SkyWest Completes MRJ Order, Adding 100 Options; Sticks With Larger Model

By Bradley Perrett, Andrew Compart
Source: Aviation Daily

The addition of options to the deal underscores SkyWest’s statement this year that that it might want more than 100 MRJs. The problem, however, is that Mitsubishi Aircraft, struggling with development delays, cannot deliver more than the first 100 this decade. If the options are taken up, the aircraft that they cover will be delivered from 2021.

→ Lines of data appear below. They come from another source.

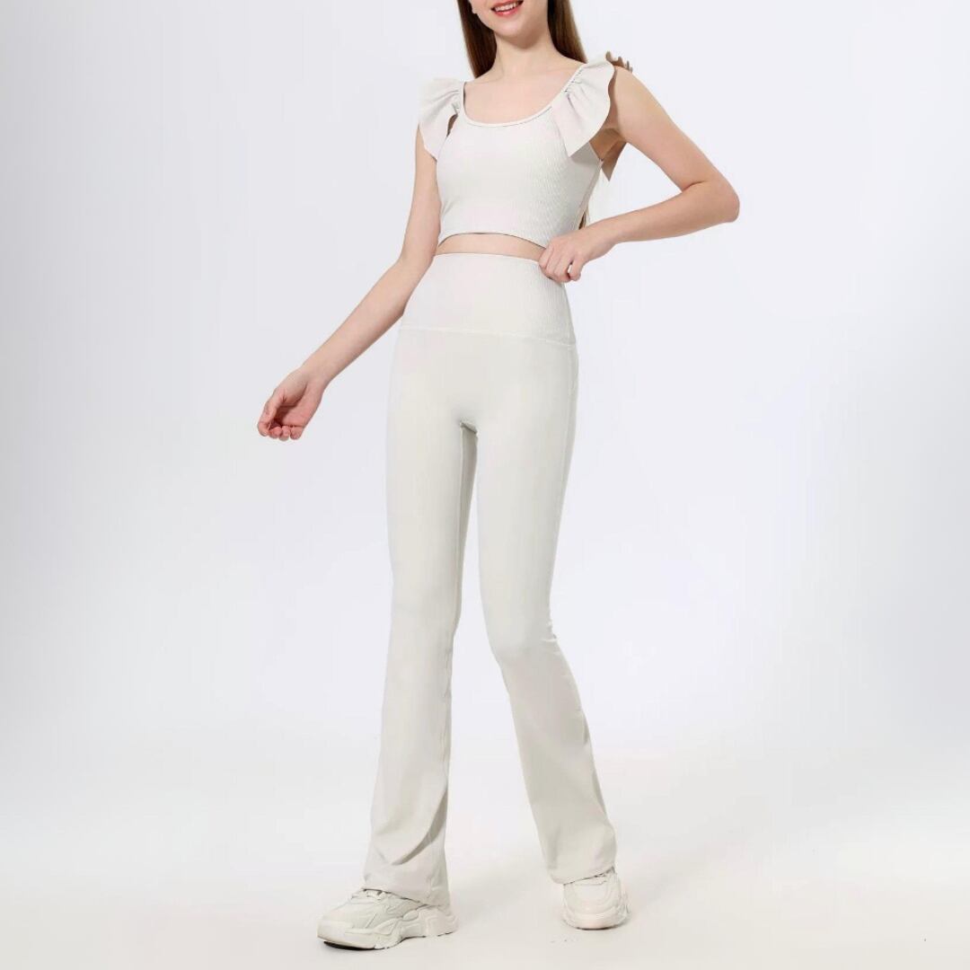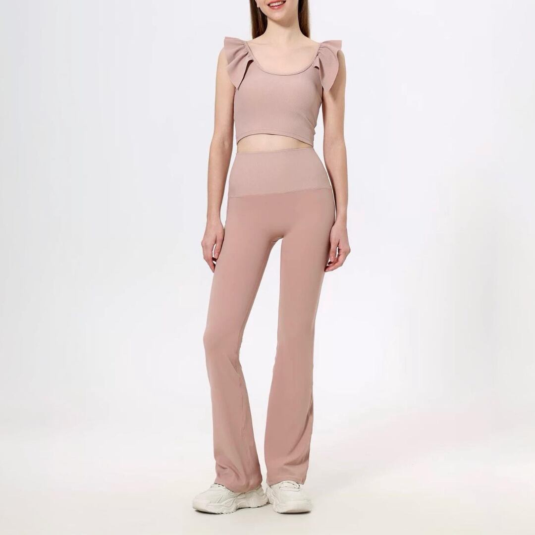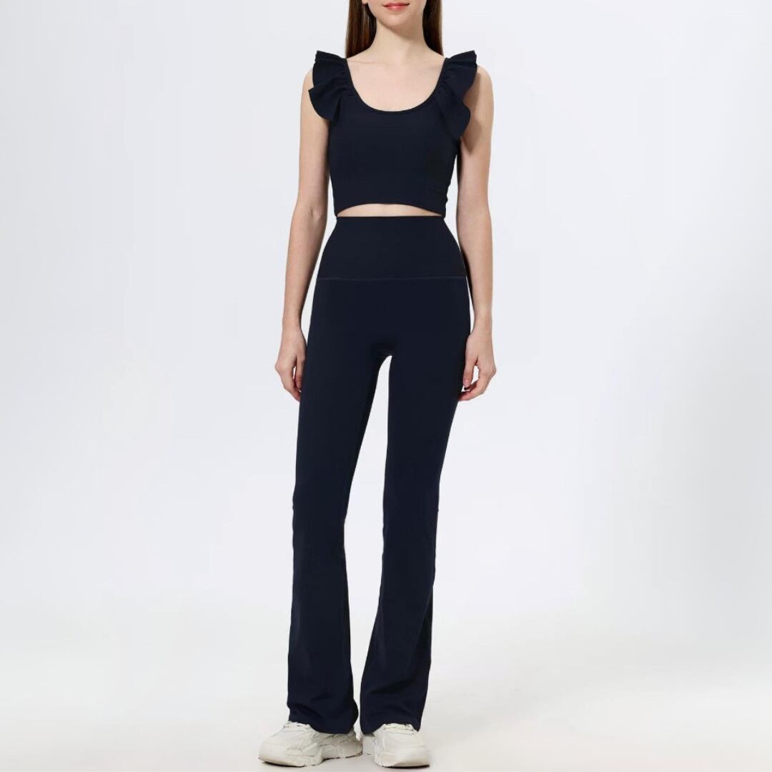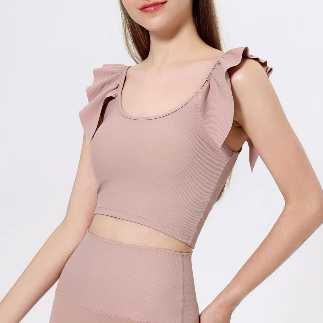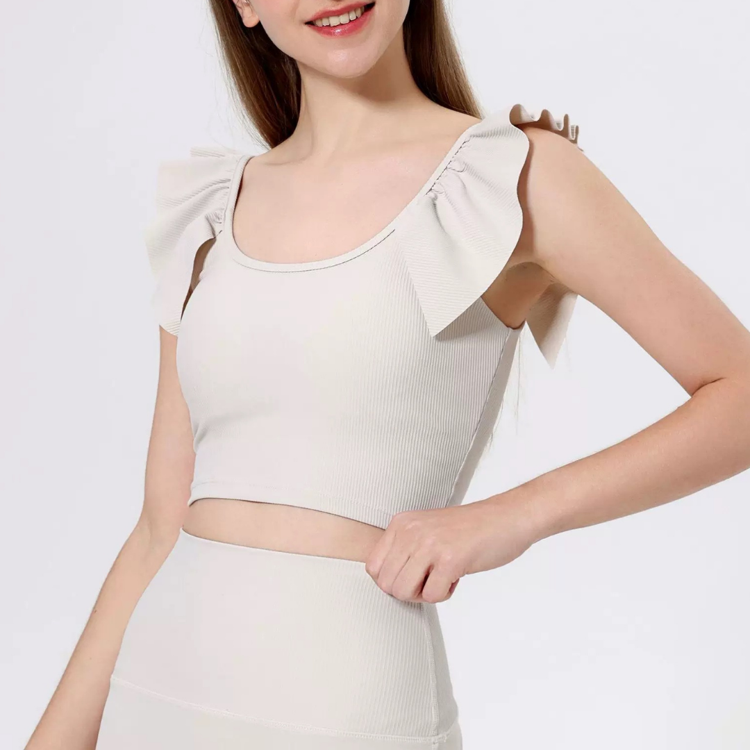 【商品管理番号】 F0106 【商品説明】 肩のフリルデザインが華やかなクロップドトップ。 伸縮性のある快適な素材で動きやすく、シルエットもきれいに見せてくれます。 ハイウエストボトムとの相性が良く、アクティブシーンから普段使いまで幅広く活躍。 【サイズ】 【S】バスト:72cm/着丈:21.5cm/ウエスト:62cm 【M】バスト:76cm/着丈:22.5cm/ウエスト:66cm 【L】バスト:80cm/着丈:23.5cm/ウエスト:70cm 【XL】バスト:84cm/着丈:24.5cm/ウエスト:74cm 【カラー】 ブラック ホワイト ネイビーブルー ピンク カーキ 【素材】 ナイロン80%/ポリウレタン20%
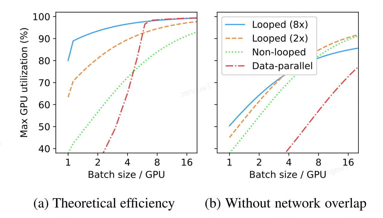 图2:(a)比较循环与非循环流水线及纯数据并行处理的理论效率随GPU批量大小变化的函数关系,以 βnet =6、NTP=1为例。注意 βmin =1附近与流水线-并行网络重叠相关的显著跃升。(b)相同配置下无数据与流水线网络重叠的理论效率,该图凸显了循环流水线中网络重叠的重新重要性。
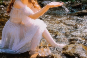 星光镜与复古柔焦的共同作用下,诞生的法式发光少女人像。水既温柔又闪耀,这是两种美的并存。 炎炎夏日,带上水晶皇冠👑玩儿水去吧
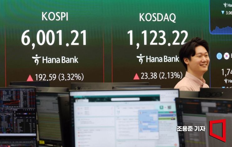 미국과 이란의 협상 재개 기대감에 국내증시가 3% 이상 상승 장중 6000선을 회복한 14일 서울 중구 하나은행 본점 딜링룸에서 직원이 증시와 환율 등을 모니터하고 있다. 이날 코스피는 전 거래일 대비 151.38p(2.61%) 오른 5960.00에 코스닥은20.77p(1.89%) 오른 1120.61에 장을 시작했다.
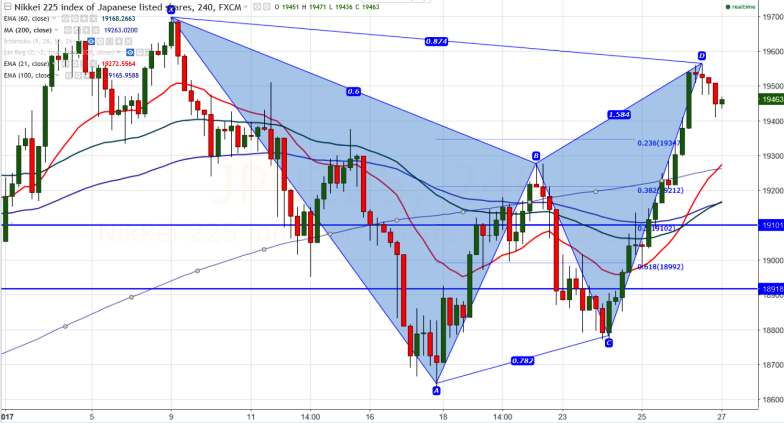 Nikkei225 jumped slightly above 19500 level and reached till 19566 yesterday. It is currently trading around 19458 0.27% lower.
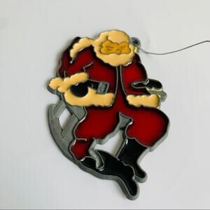 Vintage Stained Glass Metal Santa Clause Christmas Tree Ornament

The aircraft in the firm order will be delivered from 2017, as previously stated. The contract takes the MRJ order book to 165 units, almost three years of production at the maximum planned production rate of five units a month—and much longer when the ramp-up after first delivery is taken into account.

Seeking to offset the development delays, Mitsubishi Aircraft is looking for ways to reach full-rate MRJ production faster than its original, unstated schedule, and then to build faster than the planned rate of five a month.

First delivery to initial customer All Nippon Airways is due in late 2015 or early 2016, at least two years later than the target set when the program was launched in 2008. ANA has ordered 15 MRJs, and Trans States Airlines of the U.S. has ordered 50.

SkyWest Inc. owns SkyWest Airlines, based in St. George, Utah, and ExpressJet Airlines, based in Atlanta, Ga. They operate under the brands United Express, Delta Connection, American Eagle and US Airways Express. SkyWest Airlines also operates flights for Alaska Airlines.

Mitsubishi Aircraft is partly owned by Mitsubishi Heavy Industries, the prime contractor for the MRJ fuselage.